Mais ce qui m’a le plus envoutée, le plus touchée, c’est Frida Kalho, folle d’amour pour son peintre de mari Diego Rivera – j’ai rarement vu un amour aussi absolu- et Frida Kalho, immense artiste peintre, précurseur et visionnaire.

Roman fort, sensible, passionné, poétique. Frida Kaklo et la plume fine, sensible et emportée de Claire Berest m’ont conquise, il ne pourra en être autrement pour vous aussi lecteurs. Et vous ne regarderez plus jamais Frida Kahlo de la même manière.

Claire Berest à la soirée du Grand Prix des Blogueurs – Paris, janvier 2020.

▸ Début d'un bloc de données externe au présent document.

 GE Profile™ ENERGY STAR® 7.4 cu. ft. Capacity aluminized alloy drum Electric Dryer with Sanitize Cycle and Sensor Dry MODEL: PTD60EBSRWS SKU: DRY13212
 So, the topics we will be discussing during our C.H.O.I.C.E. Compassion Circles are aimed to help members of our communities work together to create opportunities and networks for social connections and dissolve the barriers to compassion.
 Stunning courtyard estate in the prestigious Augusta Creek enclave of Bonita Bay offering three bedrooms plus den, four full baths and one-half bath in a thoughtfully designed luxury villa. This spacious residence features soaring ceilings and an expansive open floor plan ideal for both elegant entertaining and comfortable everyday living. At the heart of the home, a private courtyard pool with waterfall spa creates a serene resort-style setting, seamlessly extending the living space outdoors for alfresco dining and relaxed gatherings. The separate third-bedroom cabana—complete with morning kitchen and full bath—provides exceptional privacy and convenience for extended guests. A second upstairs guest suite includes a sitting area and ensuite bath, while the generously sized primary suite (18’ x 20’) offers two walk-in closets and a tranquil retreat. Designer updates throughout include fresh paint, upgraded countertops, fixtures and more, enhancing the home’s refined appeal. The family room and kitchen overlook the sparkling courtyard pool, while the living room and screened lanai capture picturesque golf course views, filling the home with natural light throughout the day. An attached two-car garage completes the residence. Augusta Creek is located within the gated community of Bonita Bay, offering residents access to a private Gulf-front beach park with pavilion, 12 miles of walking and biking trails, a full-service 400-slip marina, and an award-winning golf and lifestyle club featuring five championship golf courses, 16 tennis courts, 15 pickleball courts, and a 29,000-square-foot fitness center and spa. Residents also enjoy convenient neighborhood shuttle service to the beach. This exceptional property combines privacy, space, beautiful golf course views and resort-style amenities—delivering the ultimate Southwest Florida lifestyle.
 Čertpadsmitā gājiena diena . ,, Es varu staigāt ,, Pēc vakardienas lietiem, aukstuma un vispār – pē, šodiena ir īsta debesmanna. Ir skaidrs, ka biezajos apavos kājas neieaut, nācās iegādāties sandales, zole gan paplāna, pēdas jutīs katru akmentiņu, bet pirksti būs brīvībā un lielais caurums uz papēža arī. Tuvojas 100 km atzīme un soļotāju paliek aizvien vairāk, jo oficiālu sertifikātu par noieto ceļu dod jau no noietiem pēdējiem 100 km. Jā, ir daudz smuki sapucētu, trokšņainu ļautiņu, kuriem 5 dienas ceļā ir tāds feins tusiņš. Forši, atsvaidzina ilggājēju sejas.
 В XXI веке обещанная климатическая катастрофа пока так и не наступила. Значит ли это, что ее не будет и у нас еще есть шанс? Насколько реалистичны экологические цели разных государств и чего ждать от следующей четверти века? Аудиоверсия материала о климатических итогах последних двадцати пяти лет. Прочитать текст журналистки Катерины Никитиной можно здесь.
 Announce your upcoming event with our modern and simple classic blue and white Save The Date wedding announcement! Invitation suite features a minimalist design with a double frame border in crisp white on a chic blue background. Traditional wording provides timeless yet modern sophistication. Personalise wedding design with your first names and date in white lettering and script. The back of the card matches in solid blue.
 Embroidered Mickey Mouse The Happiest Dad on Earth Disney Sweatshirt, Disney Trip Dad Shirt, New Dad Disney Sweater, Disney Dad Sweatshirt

Jolis jolis monstres de Julien Dufresne-Lamy aux éditions Belfond

Grand prix des blogueurs 2019

Les blogueurs et instagrammeurs littéraires ont leur prix ! A l’initiative de la blogueuse et écrivain Agathe Ruga (Sous le soleil de mes cheveux blonds– Éditions Stock Arpège), chaque année, nous élisons un roman de littérature blanche. Et 2019 est l’année de Julien Dufresne-Lamy pour son magnifique roman Jolis jolis monstres aux éditions Belfond.

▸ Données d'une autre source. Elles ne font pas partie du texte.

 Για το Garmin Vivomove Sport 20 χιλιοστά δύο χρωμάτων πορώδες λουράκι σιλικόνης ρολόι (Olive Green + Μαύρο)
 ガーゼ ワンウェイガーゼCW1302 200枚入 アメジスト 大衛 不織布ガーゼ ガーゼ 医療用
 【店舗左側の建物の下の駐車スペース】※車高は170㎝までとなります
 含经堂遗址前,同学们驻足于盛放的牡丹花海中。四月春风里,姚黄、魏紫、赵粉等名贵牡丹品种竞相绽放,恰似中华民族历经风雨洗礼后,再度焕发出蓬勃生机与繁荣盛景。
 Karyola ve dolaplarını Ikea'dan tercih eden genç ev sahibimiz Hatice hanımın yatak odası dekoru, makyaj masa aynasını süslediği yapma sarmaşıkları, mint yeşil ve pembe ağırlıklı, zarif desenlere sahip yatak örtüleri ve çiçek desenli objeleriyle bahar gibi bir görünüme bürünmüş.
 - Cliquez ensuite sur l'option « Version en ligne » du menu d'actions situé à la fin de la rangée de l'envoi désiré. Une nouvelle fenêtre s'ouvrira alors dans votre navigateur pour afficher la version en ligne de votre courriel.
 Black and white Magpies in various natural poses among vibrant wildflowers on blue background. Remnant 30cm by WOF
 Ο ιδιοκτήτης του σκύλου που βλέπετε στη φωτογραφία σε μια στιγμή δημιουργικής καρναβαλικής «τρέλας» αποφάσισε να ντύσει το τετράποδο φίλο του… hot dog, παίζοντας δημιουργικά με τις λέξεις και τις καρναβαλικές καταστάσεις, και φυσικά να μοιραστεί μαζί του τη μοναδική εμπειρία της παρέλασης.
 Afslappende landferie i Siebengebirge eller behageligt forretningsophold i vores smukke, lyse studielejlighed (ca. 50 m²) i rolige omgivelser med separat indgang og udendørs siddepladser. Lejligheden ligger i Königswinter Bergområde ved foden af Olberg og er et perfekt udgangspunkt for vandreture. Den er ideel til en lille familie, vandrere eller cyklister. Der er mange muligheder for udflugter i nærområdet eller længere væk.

Au cours d’une soirée parisienne fin janvier, j’ai eu le privilège de participer à la remise du prix à Julien, en présence d’une centaine de blogueurs et d’écrivains; avec mon amie blogueuse Karine, on n’a vu que du beau monde ! Quel bonheur de rencontrer Alexandra Koszelyk, auteur de A crier dans les ruines dont je vous parlais dans le Ze mAG de janvier, un roman fort sur Tchernobyl, Claire Berest pour son roman Rien n’est noir aux éditions Stock dont je vous parlerai bientôt; quel bonheur de revoir Éric Genetet ( Un bonheur sans pitié – Editions Héloïse d’Ormesson) et Elsa Flageul (A nous regarder, ils s’habitueront– Editions Julliard), Sylvie Le Bihan ( Amour propre– Éditions JC Lattes) ) et Anne Gaëlle Huon ( On attend son prochain roman avec impatience) !

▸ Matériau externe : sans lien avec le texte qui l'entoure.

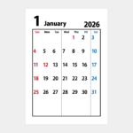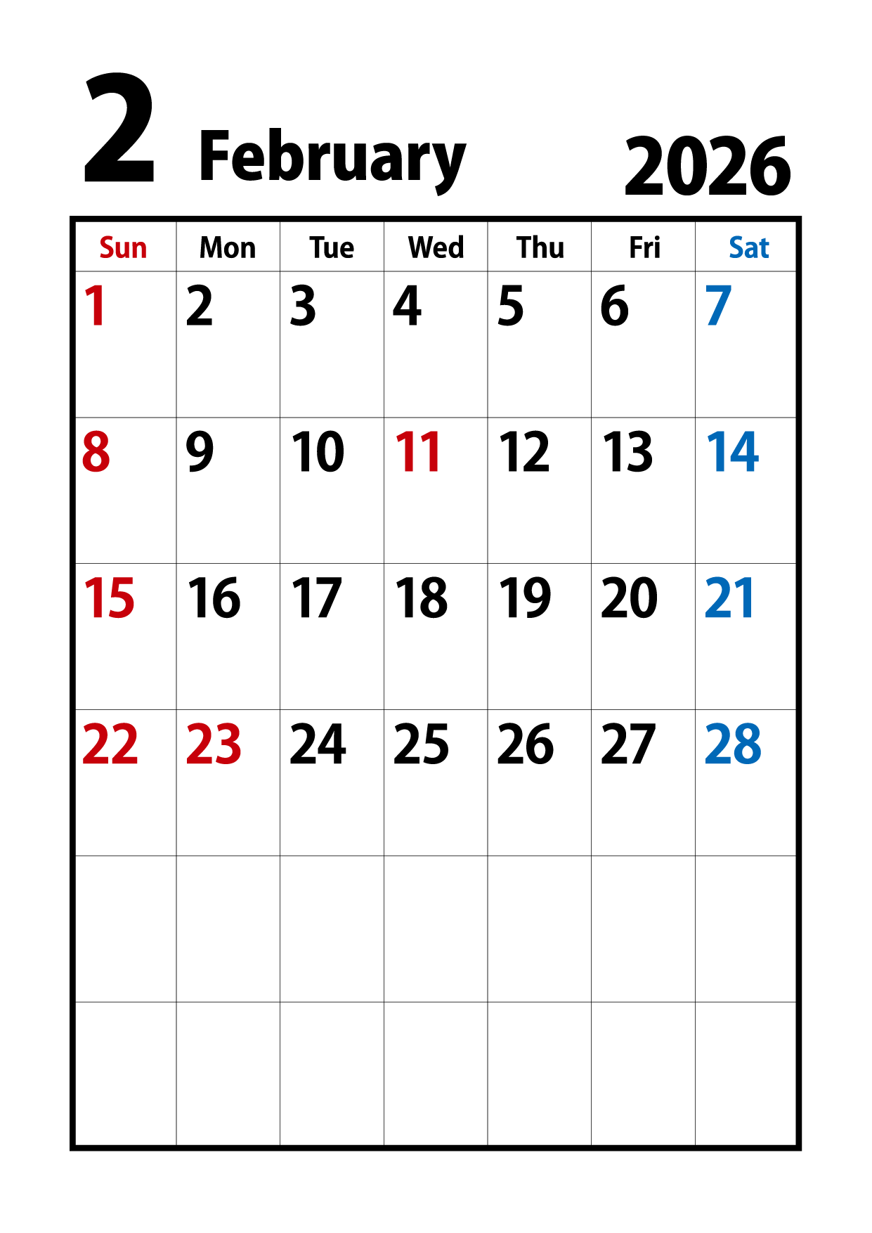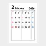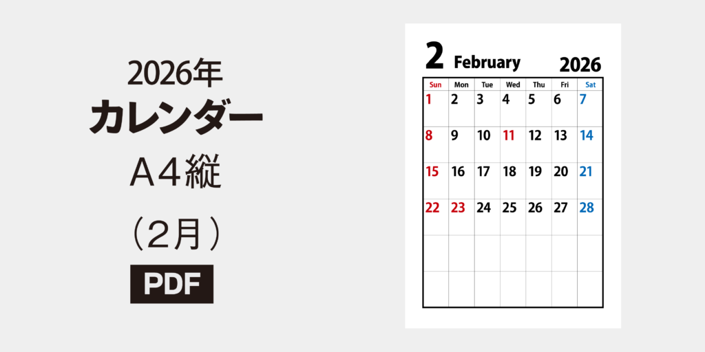 シンプルなA4縦の2026年2月のカレンダーを作りました。

Une histoire de drag-queens

Jolis jolis monstres c’est pour moi une immense surprise tant sur le plan littéraire que sur le plan pédagogique : le monde des Drag queens ? je ne savais pas vraiment ce que c’était ! Mon seul souvenir c’est Ru Paul quand elle chantait avec Elton John « Don’t go breaking ma heart », j’adorais cette chanson! Il y a certes Michou et son cabaret et la chanson de Charles Aznavour  » Comme ils disent » que je connais par cœur ! Là s’arrêtaient mes références, maigres il faut le dire !

Jolis jolis monstres c’est l’histoire, j’ai envie de dire la belle histoire, de ce mouvement drag et voguing aux États Unis dans les années 80 : James est Lady Prudence et elle va nous raconter sa vie de drag-queen d’Atlanta à New York, ses joies, ses peines dans le début des années sida, ses doutes et ses renoncements parfois, l’amitié, l’entraide, la peur, la concurrence, la famille qu’on se crée, le monde de la rue et des pièges, le regard des autres … Quand James rencontre Victor qui deviendra Mia de Guadalajara, c’est une belle amitié qui commence et un long chemin vers la quête du bonheur et de l’ identité.

Un roman fort et touchant

Fort parce que Julien Dufresne-Lamy écrit avec les mots justes, précis, poétiques, parfois crus, il s’attache aux détails pour nous aider à comprendre ce qu’est ce monde de « fofolles » comme certains disent, ils n’ont vraiment rien compris ! Touchant parce que les personnages du roman ont existé pour la plupart, un film leur a été consacré en 1990 « Paris is burning » et j’y ai retrouvé Ru Paul et ses copines.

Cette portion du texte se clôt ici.